Data from 2003-2018 American Time Use Survey
Let’s start with a few hypotheses so this isn’t just a data mining exercise. Broadly, I was curious about differences in time spent between sexes, between low and high income households, in time spent working vs. leisure, and unemployment trends.
Let’s solidify those curiosities into specific questions:
Survey information
- Contains nationally representative estimates of how, where, and with whom Americans spend their time
- Covers 200,000 interviews conducted from 2003 to 2018
- Can be linked to Current Population Survey for detailed household demographic information
- Sponsored by the Bureau of Labor Statistics and conducted by the Census Bureau
Important caveats
- Measures primary activity so some activities are not accurately captured. For example, listening to music is rarely recorded because typically it is a secondary task. If I’m listening to music, I’m probably also doing housework or cooking.

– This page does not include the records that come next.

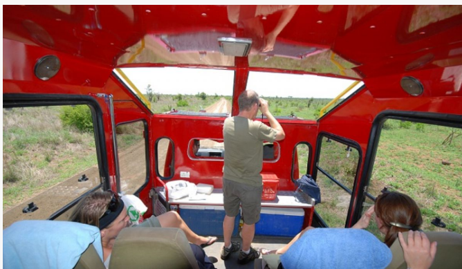
Interior del camión adaptado

Una parte esencial del safari es la participación. Aunque no se trata de un viaje de acampada, se espera colaboración de los viajeros para el mejor funcionamiento de la expedición: desde llevar tu propio equipaje, hasta cargar el camión por la mañana. ¡La participación del grupo forma parte de la aventura!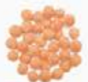
10111 赤レンズ豆 RED LENTILS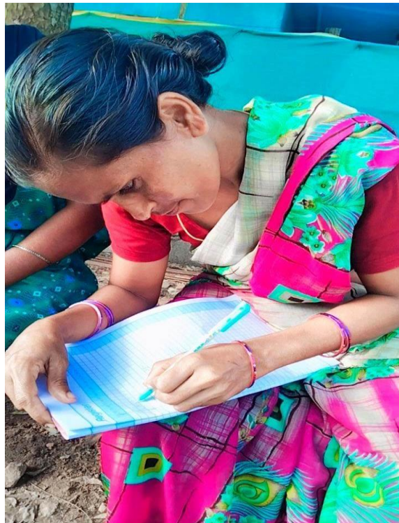
After Completion of the Adult Literacy Program the illiterate women putting signature in the register.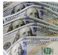
La referencia la fija el BCB

pación del Banco Unión, que se consolidó como el principal comprador de dólares, concentrando el 33% del total de las operaciones del sistema. La entidad realizó 16 transacciones adquiriendo divisas a un tipo de cambio de Bs 9,60, nivel que presionó al alza la cotización referencial.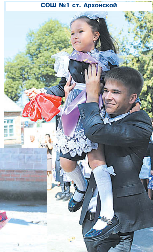
СОШ №1 ст. Архонской

глава муниципального образования Пригородный район.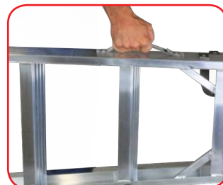
Maniglia di trasporto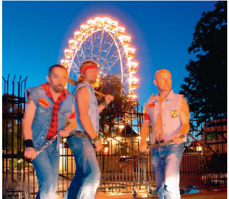
Ride1:1 på Galleri Ping Pong i Malmö 2004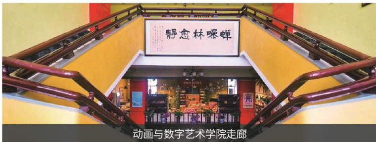
动画与数字艺术学院走廊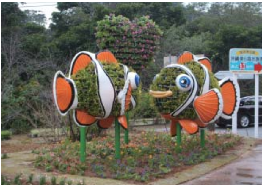
カクレクマノミのカップル（本部町伊豆味） カクレクマノミのカップルとハートの造形によって、愛情と平和、自然との共生を表現しています。カクレクマノミは高さ2m幅1.5mです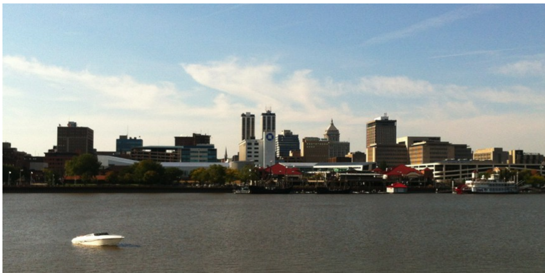
Peoria Riverfront – typický obrázek města.

Hlavní je ale byznys – proto tu všichni jsme. Peoria, ač město uprostřed polí, je sídlem hned několika významných firem, z nichž dominantní je Caterpillar, cílová stanice velké části studentů MBA, včetně několika Čechů. Dalšími významnými zaměstnavateli jsou například velice významná nemocnice OSF, Jump Trading Simulation & Education Center anebo Bosch. Amerika je v první řadě země příležitostí, to jsem zjistil velice záhy. Vy dostanete celé dva roky, abyste je využili. Navíc na studentské vízum můžete pracovat až jeden rok zcela bezproblémově. Pokud chcete zůstat déle, musí vás zaměstnavatel sponzorovat, ale na to se už musíte osvědčit.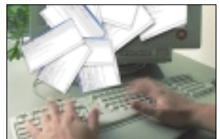
هرزنامه ۳۰ ساله شد

- It’s self reported data so standard biases apply
- Most of the plot fit lines are third order polynomial fits for sake of simplicity. This can overfit and whipsaw near the ends. Some of the fit lines are local regression which are more resilient.
Metric interpretations
There are three main metrics presented in the plots:
- Minutes and average minutes: the average number of minutes spent in this activity per day for this population
- Participation rate: the proportion of people in this population participating in the activity on any given day
- Minutes per participant: the average number of minutes for participants in this population who participate in the activity on any given day. E.g. for people who watched television on a day, how many minutes did they watch. Whereas the above plot shows the average number of minutes for everyone, including those who did not watch. Minutes per participant = average minutes / participation rate
The ATUS data is mostly in line with the NYT article. Overall, women (red) still spend much more time on housework for men (blue), but younger (solid line) men have been kicking up in participation in the last few years. Interestingly, older women seem to be spending less time on housework.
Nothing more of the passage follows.